There were other strange sights in the sky also during Dan’s time in West Virginia. “On one of my visits I carried a simple, silent 16mm movie camera (sound cameras were hard to come by then). On some nights I’d drive alone into the TNT area, never completely out of sight of the main highway, and sit on the hood of my car watching the sky. On one occasion, I saw a dim, diamond-shaped cluster of round, multicolored lights cross the sky, but my film wasn’t sensitive enough to capture them.” “One evening John and I saw a bunch of strobe-like light flashes in the sky, south of Point Pleasant, that seemed to come from nowhere. There was no aircraft that would have explained them.”
In one of Dan’s visits to Point Pleasant he was accompanied by John A. Osmundsen, Science Editor for the Public Broadcast Laboratory on Madison Avenue in New York City. Osmundsen was on board with Dan’s proposal to do a UFO documentary and even wrote a formal proposal for it on November 10, 1967. It was quickly slated for production but for some unknown reason funding, at the proverbial last minute, was pulled.
Ah my gosh, the significant stories and details that such a documentary would have preserved for us all of these years later. Such a shame it fell through. Though Dan was initially interested primarily in the UFO activity he soon became aware of the so-called “Mothman” activity as well. He recalled how one time he spoke with a private pilot in Ohio on the other side of the Ohio River who told him how he had seen something like this from the air. “After first mistaking it for a small plane he was astonished to find that it was some kind of huge flying creature,” Dan explained.

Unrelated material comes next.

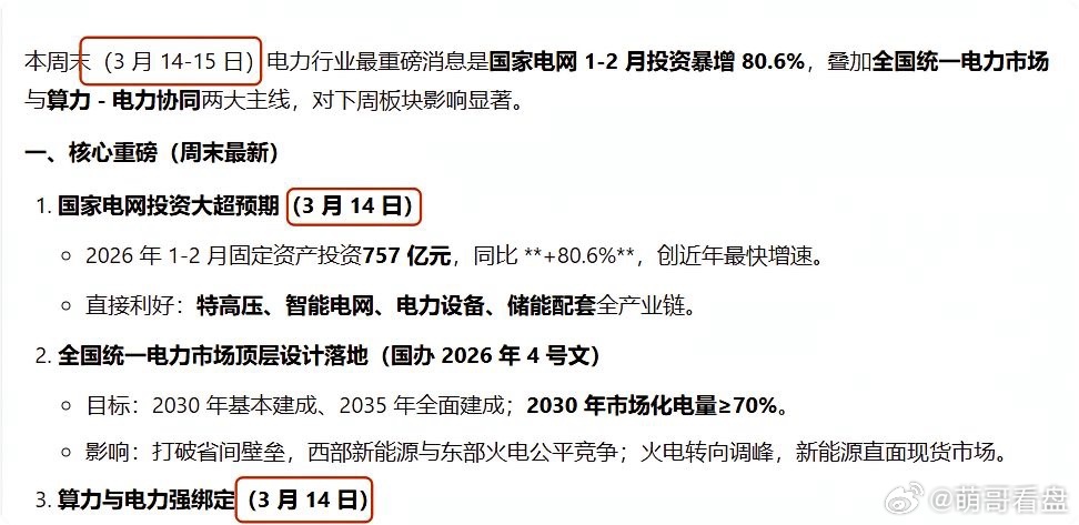 周末最受关注的就是电力!明明有政策、资金多重利好,可很多人还是踩了老坑 —— 周五追高进场,直接吃了一根中大阴线,追涨被套的戏码,真的别再重演了,短期内电力也很难再创新高。周末消息面整体平静,明天周一开盘,大家最关心:是接着跌,还是能反弹?该加仓猛干,还是赶紧离场?三个干货点,一分钟给你讲明白,老朋友点赞收藏,新朋友不妨点个关注,全是实战经验。第一,春季行情已经结束,这是多年反复验证的规律,不要轻易质疑;第二,近两周市场波动偏小,靠的是神秘资金护盘,现在任务完成、资金要退出,盘面会有压力;第三,周五全球股市普遍收绿,周一开盘我们也不宜乐观。我们观点很明确:下周容易回调,操作难度会加大,各位老铁谨慎操作,加油!

In October 1967, Dan took a walk out to the middle of the Silver Bridge that connected Point Pleasant to the Ohio side. He stated, “Frankly, it spooked me. The bridge was lightly built and had been designed to carry 1920’s traffic. But now it was the 1960s and the bridge was crowded with cars, trucks, and heavy semis, often bumper to bumper in the rush hours. The whole roadway kept bouncing up and down, unnervingly so that my curiosity was quickly satisfied and I was happy to sprint back to terra firma ASAP.” Dan, of course, had no way of knowing what terrible tragedy in a couple months would take the lives of 46 people due to metal fatigue and the failure of a single eyebar in the bridge’s suspension chain. But after it happened, Keel and Mary Hyre made some kind of sense of the strange dreams locals had been having, including Mary herself. They had suspected some sort of tragedy was going to happen on or along the Ohio River. “It’s the most terrible thing I’ve ever seen,” Keel quoted Mary telling him on the phone just a few hours afterwards [The Mothman Prophecies]. “But I was kind of prepared for it. You know those dreams I had…well, it was exactly like that. The packages floating in the water. The people crying for help. Those dreams came true.”

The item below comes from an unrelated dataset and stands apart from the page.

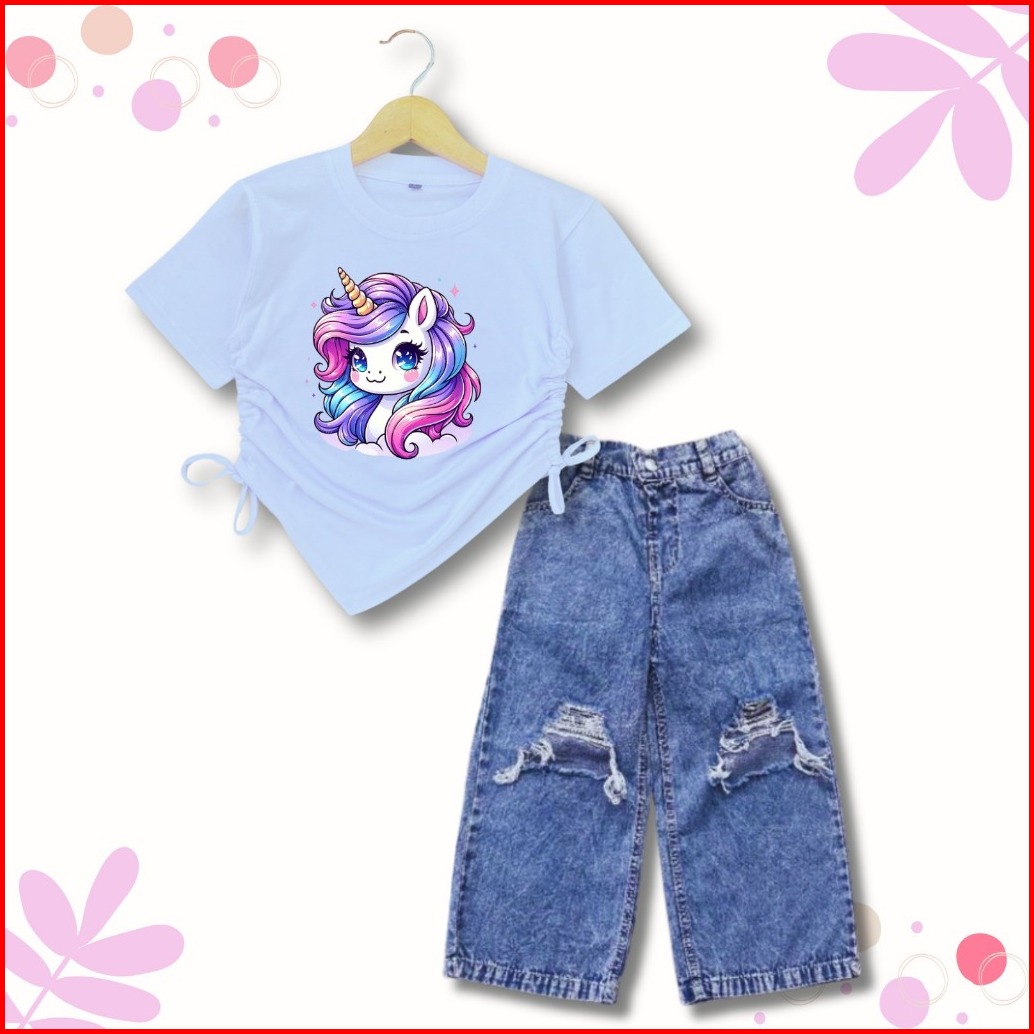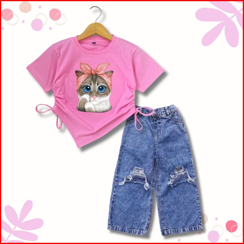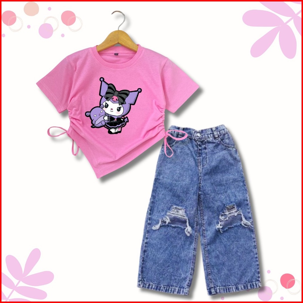 Setelan Kulot Sobek Kaos Crop Anak Perempuan 1-10 Th

Dan became aware of all of the strange paranormal phenomena that Keel was coming upon in his quest. “Some weeks after my last visit to Point Pleasant, I was at home alone in my New York apartment, sitting at my desk,” he explained. “Suddenly, the air around me seemed to be filled with ‘sparkles.’ I can’t say whether or not I actually saw them with my eyes, but it felt as if I were taking a bath in soda water. It felt good – sort of tickled. This lasted maybe a half a minute, and then suddenly ended. A half-hour later the phone rang. It was Mabel Park McDaniel calling to let me know that Mary Hyre had passed away a half-hour earlier.”
“Mary, by the way, was profoundly psychic. When we first met, she immediately said she felt that we had some kind of connection – presumably in a previous life.”

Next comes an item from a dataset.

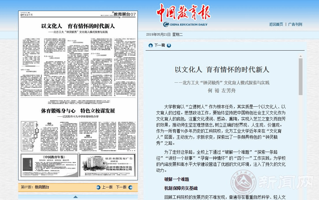 5月21日,《中国教育报》发表了beat365官网题为《以文化人 育有情怀的时代新人——beat365手机版官网“钟灵毓秀”文化育人模式探索与实践》的署名文章。文章认为,经过多年的传承与创新,beat365手机版官网构建起了“钟灵毓秀”的特色文化育人模式:“钟”——“凝聚思想共识,汇聚立德树人力量”;“灵”——“激发学生内生动力,助力学生全面成长”;“毓”——“文化建设促进育人良性互动,部门协同育人效果提高”;“秀”——“学校的社会影响力和美誉度明显提升”,这一模式育人效果显著,取得了累累硕果。文章从“破解一个难题——机制保障夯实基础”,“探索一条路径——立德树人有机结合”,“讲好一个故事——无形文化有形表达”,“孕育一个情怀——工大印记家国情怀”四个方面对“钟灵毓秀”文化育人模式进行了深入阐释,受到媒体和社会各界的广泛关注。

In her Foreword to my book John A. Keel: The Man, The Myths, and the Ongoing Mysteries (2019), Rosemary Ellen Guiley, a leading figure in the UFO and paranormal field wrote: “Keel recognized that certain individuals were ‘wired’ differently from others and thus were more likely to encounter the strange beings and entities that exist in a netherworld on this planet. Keel never said that about himself, but I always thought that he too was one of those wired persons, for he had a great many paranormal experiences – and highly unusual ones, for he had a great many that happened to him while he was investigating the Mothman wave. From the getgo, Keel had an antenna tuned to the frequencies of parallel worlds, alternate realities and interdimensional realms.”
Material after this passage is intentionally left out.